§ Your goal: Only the lines below from the one containing "Ett hvitt kinn, og" through the one containing "지난 5월부터 본격적으로" belong in the answer, repeated exactly and without pictures.

§ Supplied material:
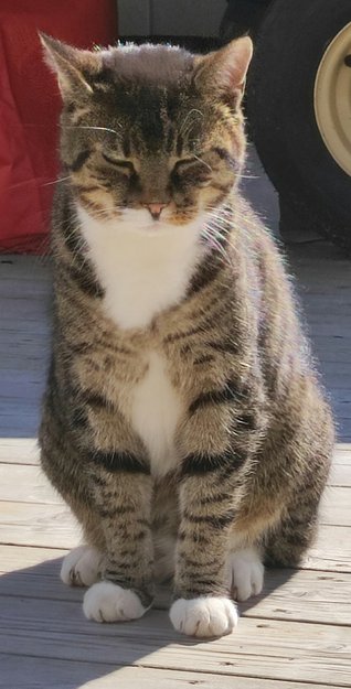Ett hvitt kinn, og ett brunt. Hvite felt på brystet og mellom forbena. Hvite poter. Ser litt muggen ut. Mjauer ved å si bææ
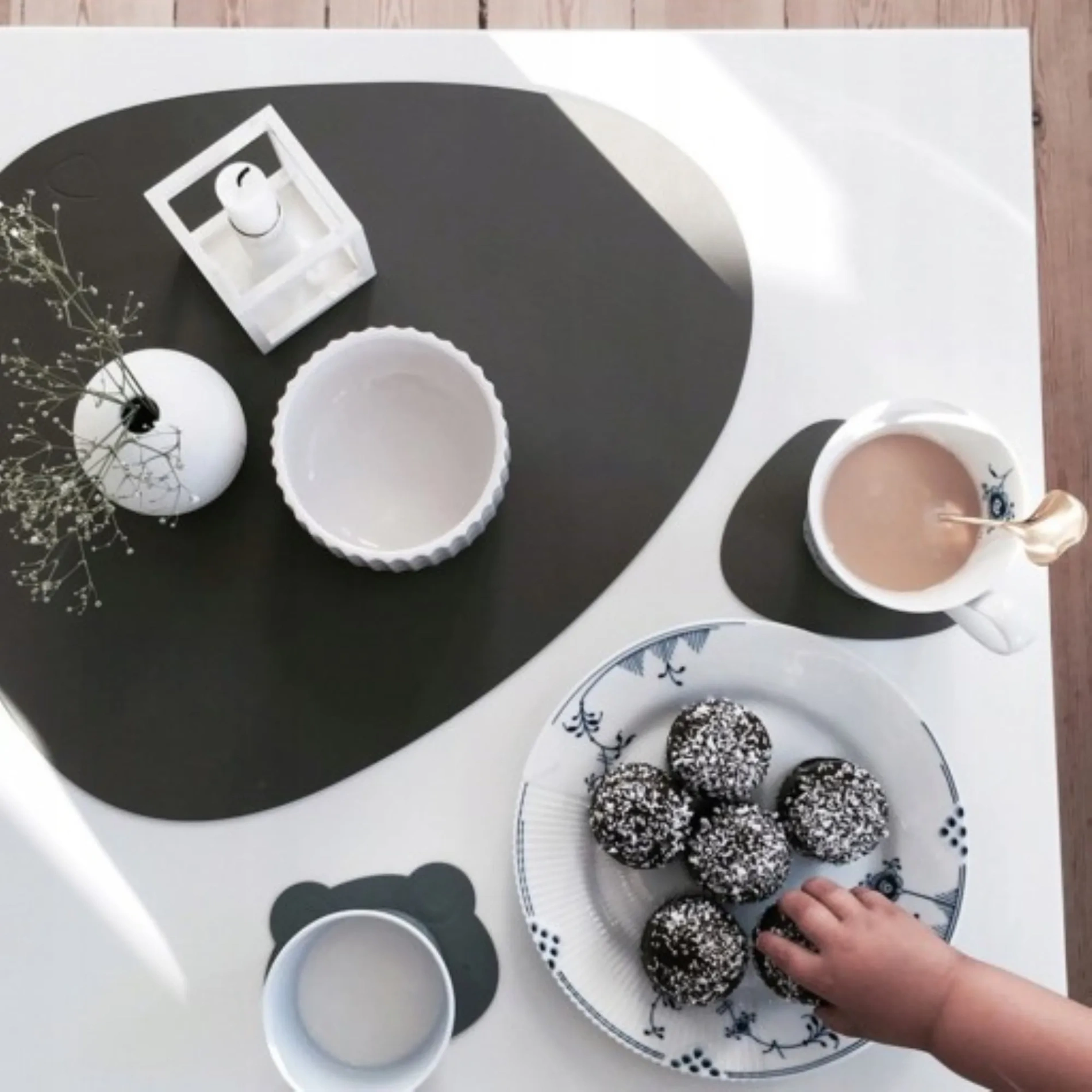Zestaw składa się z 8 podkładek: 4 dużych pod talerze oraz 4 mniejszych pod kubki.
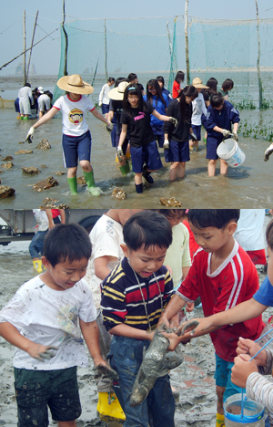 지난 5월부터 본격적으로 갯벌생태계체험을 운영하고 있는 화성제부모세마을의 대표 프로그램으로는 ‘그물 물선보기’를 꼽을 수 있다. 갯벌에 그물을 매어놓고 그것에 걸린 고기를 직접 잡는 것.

==

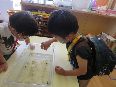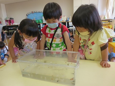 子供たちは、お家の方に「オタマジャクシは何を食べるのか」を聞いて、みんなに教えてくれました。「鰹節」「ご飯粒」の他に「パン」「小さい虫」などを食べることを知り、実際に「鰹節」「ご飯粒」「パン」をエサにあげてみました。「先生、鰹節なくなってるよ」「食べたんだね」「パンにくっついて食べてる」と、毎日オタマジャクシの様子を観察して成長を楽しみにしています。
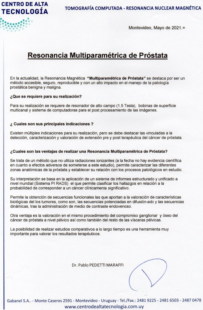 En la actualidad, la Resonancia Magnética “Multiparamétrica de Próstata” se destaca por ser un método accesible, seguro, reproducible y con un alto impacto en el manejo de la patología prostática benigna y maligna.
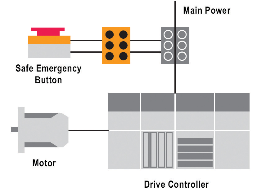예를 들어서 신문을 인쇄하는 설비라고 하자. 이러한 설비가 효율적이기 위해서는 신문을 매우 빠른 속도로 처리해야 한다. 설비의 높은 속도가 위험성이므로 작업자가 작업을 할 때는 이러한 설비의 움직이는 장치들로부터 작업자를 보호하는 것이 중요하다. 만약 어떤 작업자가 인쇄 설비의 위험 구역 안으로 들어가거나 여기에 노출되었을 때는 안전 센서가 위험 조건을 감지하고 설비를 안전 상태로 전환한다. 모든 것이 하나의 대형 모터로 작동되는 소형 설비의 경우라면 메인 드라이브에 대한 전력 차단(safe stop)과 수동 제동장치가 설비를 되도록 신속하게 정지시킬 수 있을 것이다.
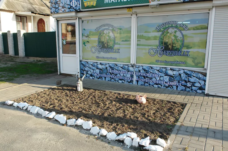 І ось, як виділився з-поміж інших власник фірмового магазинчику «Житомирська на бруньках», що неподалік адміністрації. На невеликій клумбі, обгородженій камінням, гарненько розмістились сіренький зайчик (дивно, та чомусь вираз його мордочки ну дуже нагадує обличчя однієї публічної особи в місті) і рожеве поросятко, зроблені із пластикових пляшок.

* * *

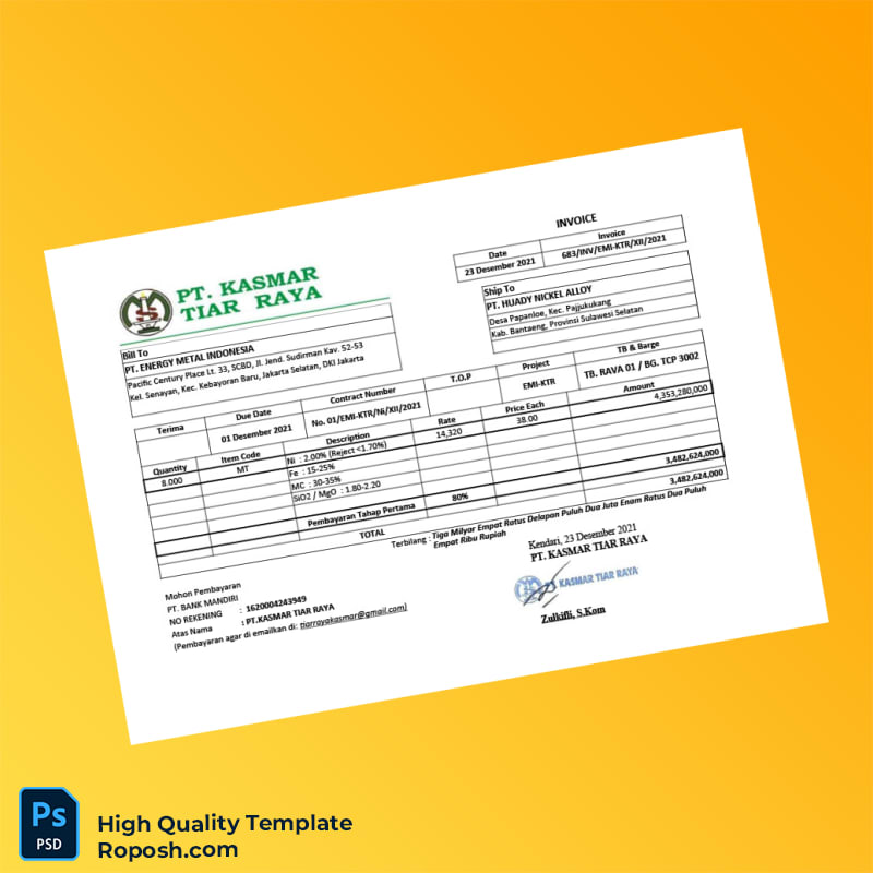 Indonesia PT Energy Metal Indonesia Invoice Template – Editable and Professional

§ Reply to the task:
Ett hvitt kinn, og ett brunt. Hvite felt på brystet og mellom forbena. Hvite poter. Ser litt muggen ut. Mjauer ved å si bææ
Zestaw składa się z 8 podkładek: 4 dużych pod talerze oraz 4 mniejszych pod kubki.
 지난 5월부터 본격적으로 갯벌생태계체험을 운영하고 있는 화성제부모세마을의 대표 프로그램으로는 ‘그물 물선보기’를 꼽을 수 있다. 갯벌에 그물을 매어놓고 그것에 걸린 고기를 직접 잡는 것.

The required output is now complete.